* MATERIAL FOR THIS EXERCISE
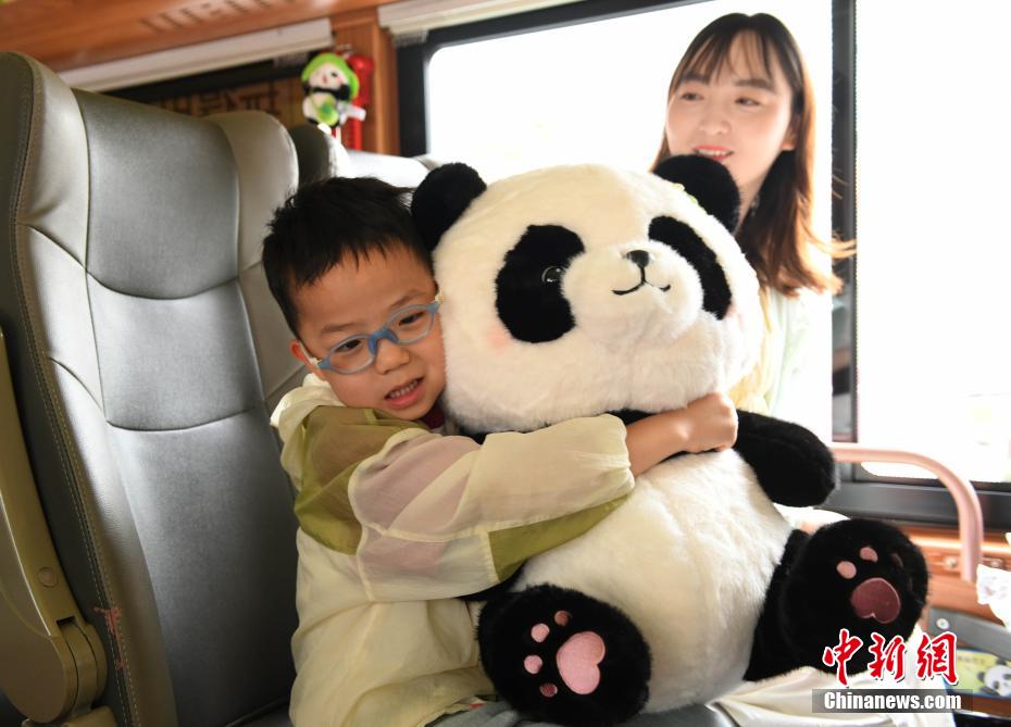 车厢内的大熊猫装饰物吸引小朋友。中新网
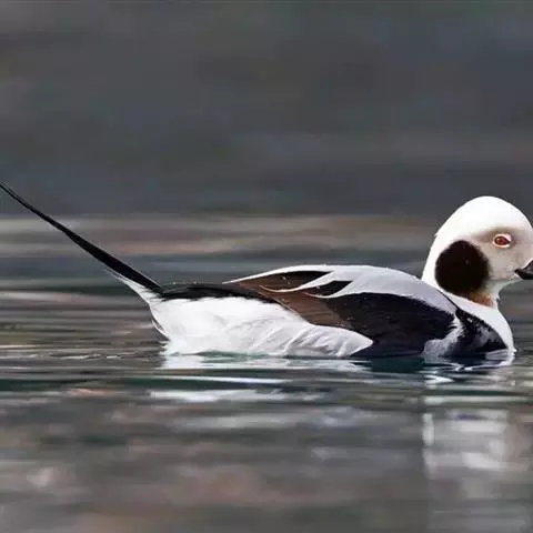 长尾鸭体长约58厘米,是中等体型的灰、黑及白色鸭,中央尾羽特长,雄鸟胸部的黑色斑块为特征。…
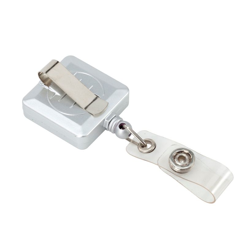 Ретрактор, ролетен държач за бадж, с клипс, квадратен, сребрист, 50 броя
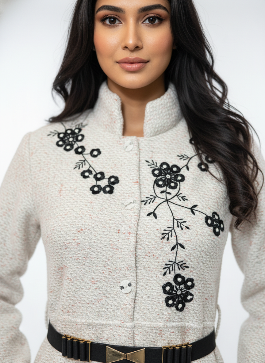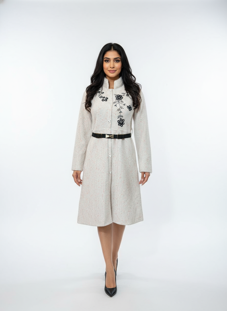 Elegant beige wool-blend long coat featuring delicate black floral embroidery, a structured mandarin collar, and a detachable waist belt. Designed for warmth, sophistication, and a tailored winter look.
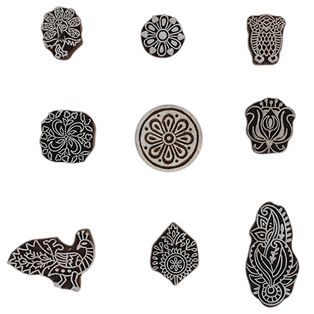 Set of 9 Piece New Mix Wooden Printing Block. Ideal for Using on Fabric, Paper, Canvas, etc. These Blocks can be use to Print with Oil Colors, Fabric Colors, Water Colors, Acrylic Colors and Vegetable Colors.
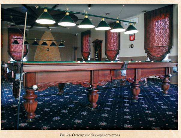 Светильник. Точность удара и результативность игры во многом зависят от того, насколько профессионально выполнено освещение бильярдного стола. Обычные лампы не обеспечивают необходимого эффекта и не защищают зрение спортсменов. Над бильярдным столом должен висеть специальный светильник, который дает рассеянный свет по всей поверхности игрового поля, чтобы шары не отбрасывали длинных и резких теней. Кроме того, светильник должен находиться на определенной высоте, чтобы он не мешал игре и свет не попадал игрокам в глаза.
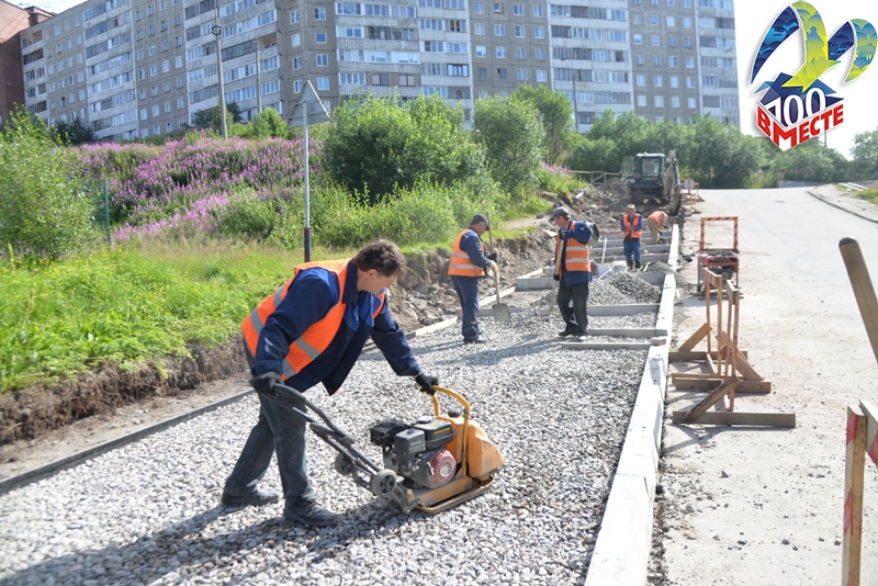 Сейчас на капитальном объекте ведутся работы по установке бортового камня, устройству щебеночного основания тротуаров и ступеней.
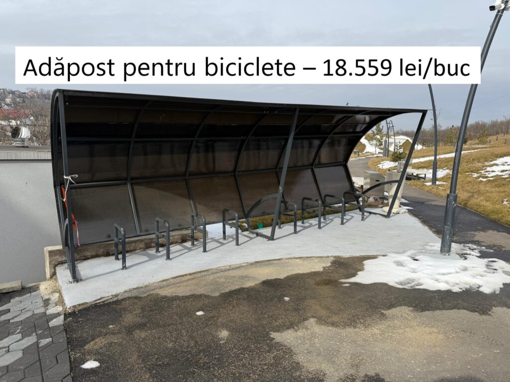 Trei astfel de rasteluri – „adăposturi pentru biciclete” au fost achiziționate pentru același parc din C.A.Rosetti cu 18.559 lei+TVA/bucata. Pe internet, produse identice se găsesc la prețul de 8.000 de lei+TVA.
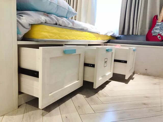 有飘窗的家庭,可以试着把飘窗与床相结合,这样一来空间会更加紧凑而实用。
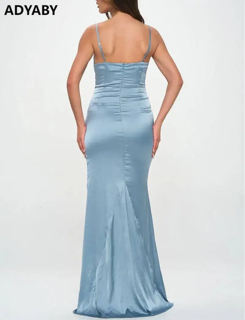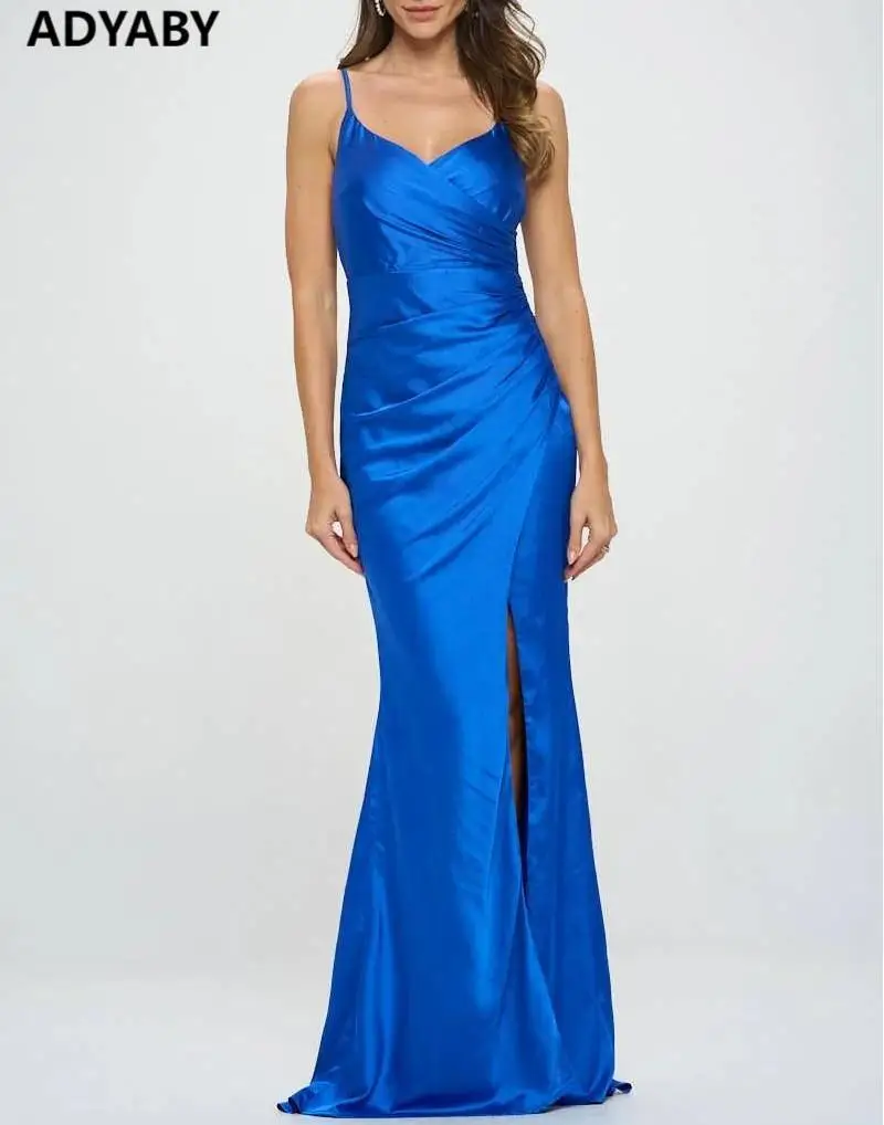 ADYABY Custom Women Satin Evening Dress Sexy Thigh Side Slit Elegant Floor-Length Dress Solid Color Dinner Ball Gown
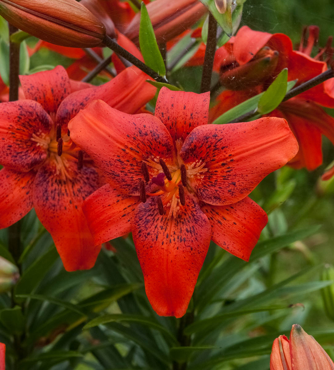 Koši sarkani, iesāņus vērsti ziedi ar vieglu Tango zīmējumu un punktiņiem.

* WHAT IS EXPECTED
Print nothing except the lines from the one with "有飘窗的家庭,可以试着把飘窗与床相结合,这样一来空间会更加紧凑而实用。" through the last line of the listing, exactly as written and with pictures removed.

* SOLVED PROBLEM
 有飘窗的家庭,可以试着把飘窗与床相结合,这样一来空间会更加紧凑而实用。
 ADYABY Custom Women Satin Evening Dress Sexy Thigh Side Slit Elegant Floor-Length Dress Solid Color Dinner Ball Gown
 Koši sarkani, iesāņus vērsti ziedi ar vieglu Tango zīmējumu un punktiņiem.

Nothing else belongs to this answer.